ANKARA’DA DA BİR SOYKIRIM MÜZESİ
Sınırların açılmasıyla daha fazla ziyaretçi gelmesi normal bir sonuç olacak. Burası Ermeni ve Türk tarihinin sergilendiği bir müze. Sadece Ermenilere ilişkin belgeler yok. Bunun için burası tartışma zemini olabilir. Burası genç kuşağın gelip tarihle yüzleşebilecekleri bir yer. Bunun için gelecekte ortaklık yapabileceğimizi düşünüyorum. Müze bu alandaki tek yer. İsterdim ki Ankara’da da benzer bir müze olsun ve tarih gün yüzüne çıksın.”

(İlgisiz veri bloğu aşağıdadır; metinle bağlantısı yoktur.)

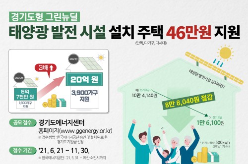 °æ±âµµ°¡ ÁÖÅà ÁöºØÀ̳ª ¿Á»ó¿¡ ž籤 ¹ßÀü±â¸¦ ¼³Ä¡Çϱâ·Î ÇÑ ´Üµ¶ÁÖÅà 3,900¿© °¡±¸¿¡ ¼³Ä¡ºñ 46¸¸ ¿øÀ» Áö¿øÇÑ´Ù. Çѱ¹¿¡³ÊÁö°ø´ÜÀÇ Áö¿ø±Ý°ú ½Ã․±ºº° º¸Á¶±ÝÀ» ¸ðµÎ ÇÕÄ¡¸é ÇØ´ç ÁÖ¹ÎÀº Àüü ¼³Ä¡ºñ 460¸¸ ¿ø Áß Æò±Õ 92¸¸ ¿øÀ» ºÎ´ãÇÏ¸é µÈ´Ù.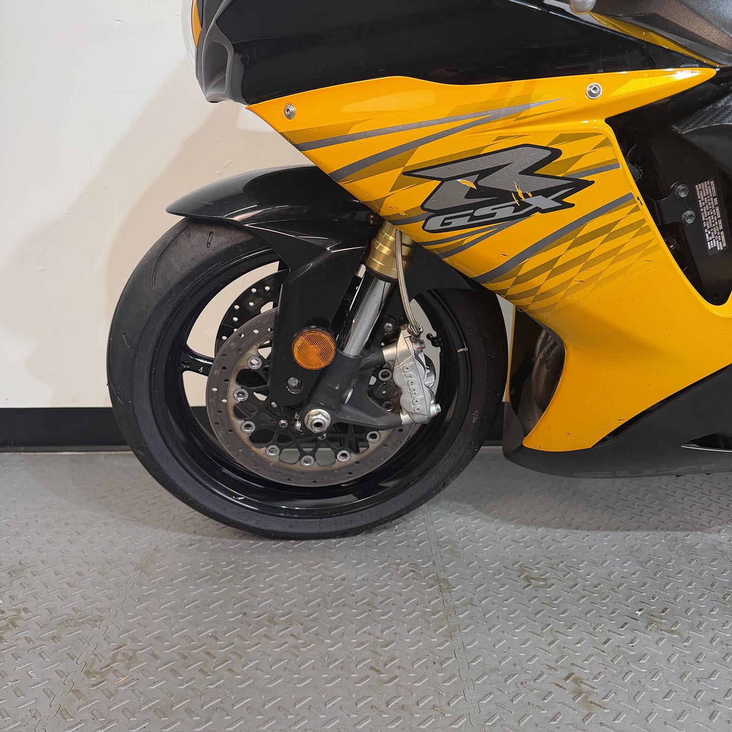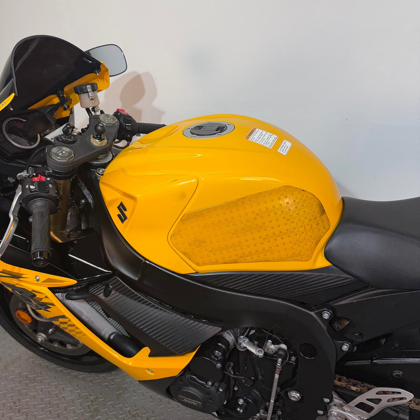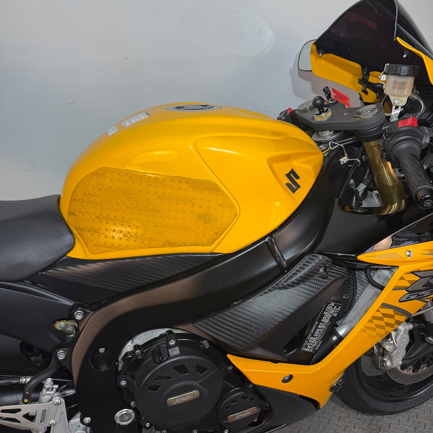This specific motorcycle has a full Yoshimura exhaust installed. It has a refreshed ECU with an electronic quickshifter. A Brembo RCS19 master cylinder has been installed along with steel braided brake lines.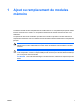 2 Conséquences de l'ajout de mémoire Lorsque vous augmentez la mémoire RAM, le système d'exploitation augmente l'espace du disque dur réservé au fichier hibernation. Si vous rencontrez des problèmes avec le mode hibernation une fois la mémoire augmentée, assurezvous que le disque dur dispose de suffisamment d'espace libre pour un fichier hibernation plus volumineux.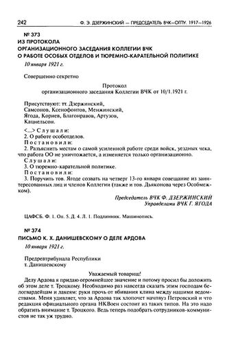 Письмо К.X. Данишевскому о деле Ардова. 10 января 1921 г. // ЦАФСБ. Ф. 1. Оп. 5. Д. 146. Л. 3. Копия. Машинопись.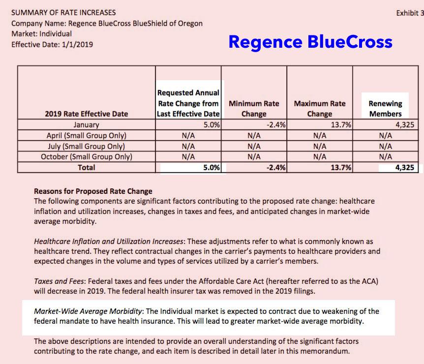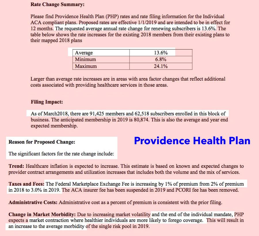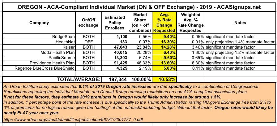 Oregon: Preliminary 2019 ACA rate hike request: 10.5% (likely ~1.4% w/out mandate repeal)

Ankara’da bir soykırım müzesi… 1915’de olan biteni, Ermenilere yapılan zulmü kabul etmek, artık o Ermeni’ye hakaret etmemek, aşağılamamak, düşman görmemek demek. Bunu kabul etseydik ve özür dileyebilseydik, her şey bir yana, Hrant Dink bu kadar pervasızca hedef haline getirilip güpegündüz, sokak ortasında alçakça öldürülebilir miydi?

--------------

Bu yazı, Hrant Dink Vakfı'nın organizasyonuyla Mayıs 2009'da 10 Türkiyeli gazeteci ile birlikte katıldığım Ermenistan gezisinden sonra, başarısız bir kitap projesi için yazıldı. Yayımlamak bugüne kısmetmiş.